Quand mon mari m’a jetée à la rue par une nuit de neige, ruinée, humiliée, seule avec ma fille et quelques euros en poche, je croyais toucher le fond — mais des années plus tard, devenue avocate, propriétaire à Paris et mère d’une étudiante à la Sorbonne, entourée d’amies fidèles comme Mémé Claudette et Élodie, j’ai compris que c’était la plus belle revanche de ma vie.

Lorsque mon époux ma éjectée de notre vie, la ville devenait floue, froide, étrange. Jerrais dans Paris, les souvenirs seffilochaient comme les fils dissous dun rêve dont on ne sort jamais vraiment réveillé.
Je métais unie à Lucien, par amour sans bornes, persuadée naïvement que la vie ne menverrait que des douceurs. Après la naissance de ma fille Oriane, dix-sept kilos sétaient accrochés à moi comme un manteau trop lourd, déformant le reflet que je renvoyais aux vitrines brumeuses de la rue de Rivoli.
Lucien se métamorphosa. Les mots quil déposait sur moi étaient tranchants, déformés, bizarres : « truie », « grosse vache ». Il glissait, moqueur, que lépouse du notaire du 16ème était plus svelte, plus gracieuse, me regardant à peine, comme si jétais devenue invisible ou difforme, un animal perdu dans son propre foyer.
Sa voix cassait mon cœur comme une baguette oubliée sous la pluie. Un jour, jai deviné la présence dune ombre une autre, une femme juvénile quil nessayait même plus de dissimuler. Il lui téléphonait en dînant, lui envoyant des messages tandis quOriane jouait dans ses chaussons roses, et moi, assise là, évanescente.
Les nuits étaient longues, silencieuses, trempées de larmes que personne nentendait absorber. Orpheline, sans famille, délaissée par mes amies parties fonder dautres tribus, je me sentais avalée par un gouffre. Emboldied par ma solitude, Lucien a commencé à lever la main sur moi. Les pleurs dOriane lexaspéraient ; il tonnait, tempêtait, menaçait de nous jeter à la porte, hors de notre appartement des Batignolles.

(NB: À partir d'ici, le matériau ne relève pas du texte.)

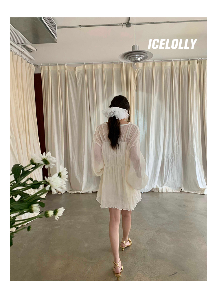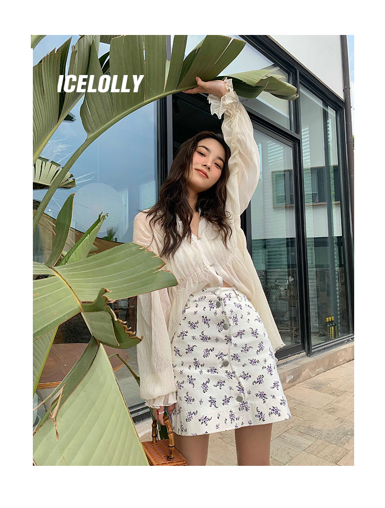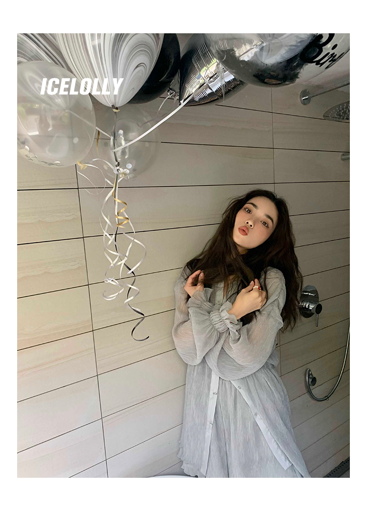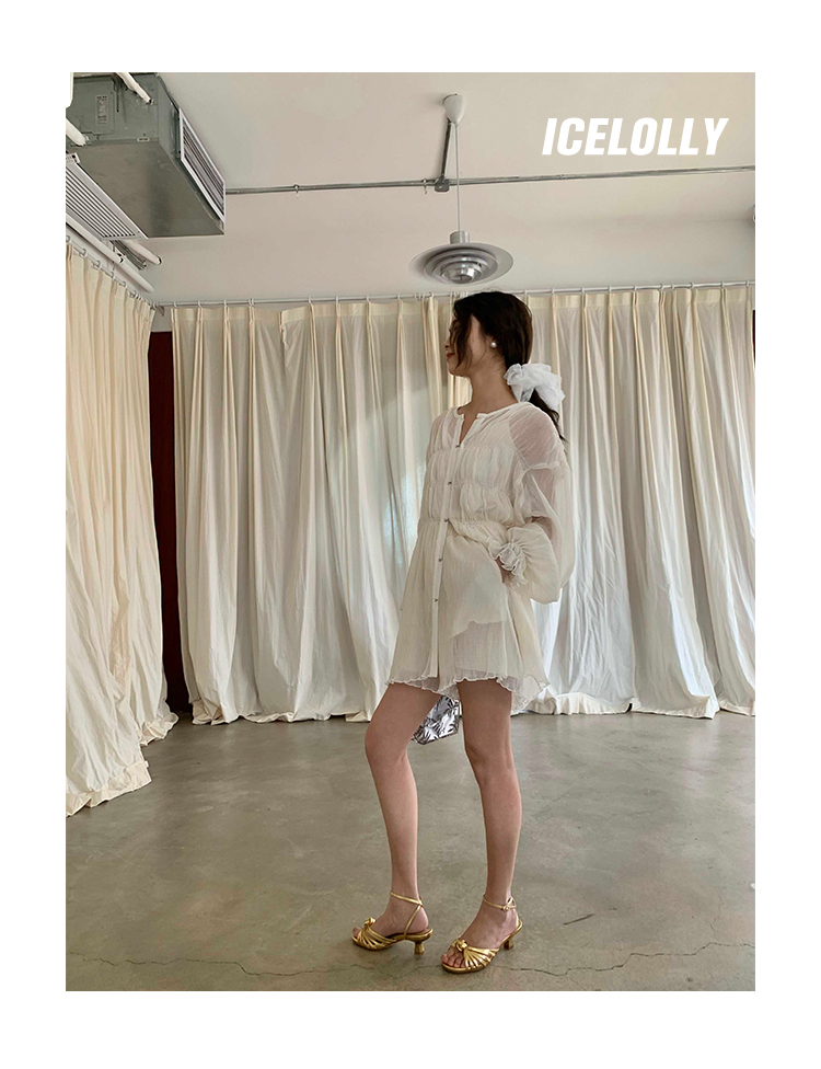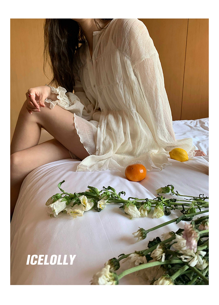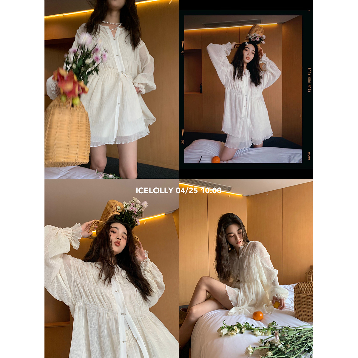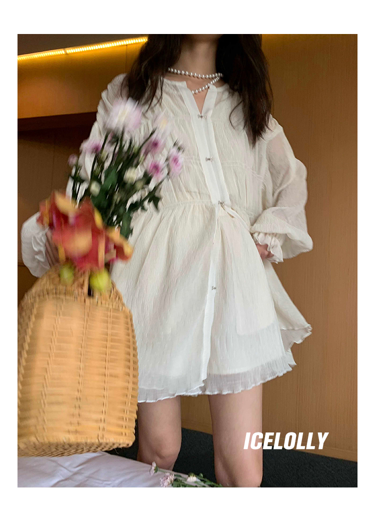 【69元福利款】ICELOLLY法式泡泡袖t襯衫女夏季防曬衫長袖上衣套裝

Je me souviendrai toujours du flocon du 12 décembre. Il est rentré, glacial, ma sommée de quitter les lieux. Dehors, la neige tombait en silence, recouvrant Paris dune nappe irréelle. Une valise, Oriane lovée contre moi sous la lueur blafarde, et nous voilà chassées il ne ma pas permis de prendre plus quun manteau, des chaussettes et la poupée préférée dOriane. Comme dans un rêve imbriqué, un taxi sest garé. Sa maîtresse, coiffée comme une actrice de cinéma, valise en main, a pénétré limmeuble où moi, je nexistais plus. Dans ma poche, trois pièces de deux euros, et quelques centimes.
Sans autre abri, jai erré jusquà lhôpital Saint-Antoine, là où javais jadis distribué des sourires entre deux brancards. Par miracle, une infirmière, Nadine, ma reconnue. Elle a tendu la main et offert un lit minuscule dans la salle de repos, comme si le rêve sadoucissait soudain.
Le lendemain, jai laissé séchapper le dernier souffle de ma mère sous la forme dune fine chaîne dor et dune croix, dernier vestige de son odeur, vendue au Crédit Municipal. Mes boucles doreilles de fiançailles, mon alliance toutes glissées sur la table, troquées pour un peu dargent. Plus tard, une petite annonce griffonnée ma mené à une maison de la banlieue sud, à Montrouge, où vivait Mémé Claudette. Elle ressemblait à une sorcière douce des contes français, lodeur du pot-au-feu flottant autour delle. Elle nous a accueillies dans sa chambre à tapisserie fleurie et sest occupée dOriane lorsque je partais en quête dun emploi.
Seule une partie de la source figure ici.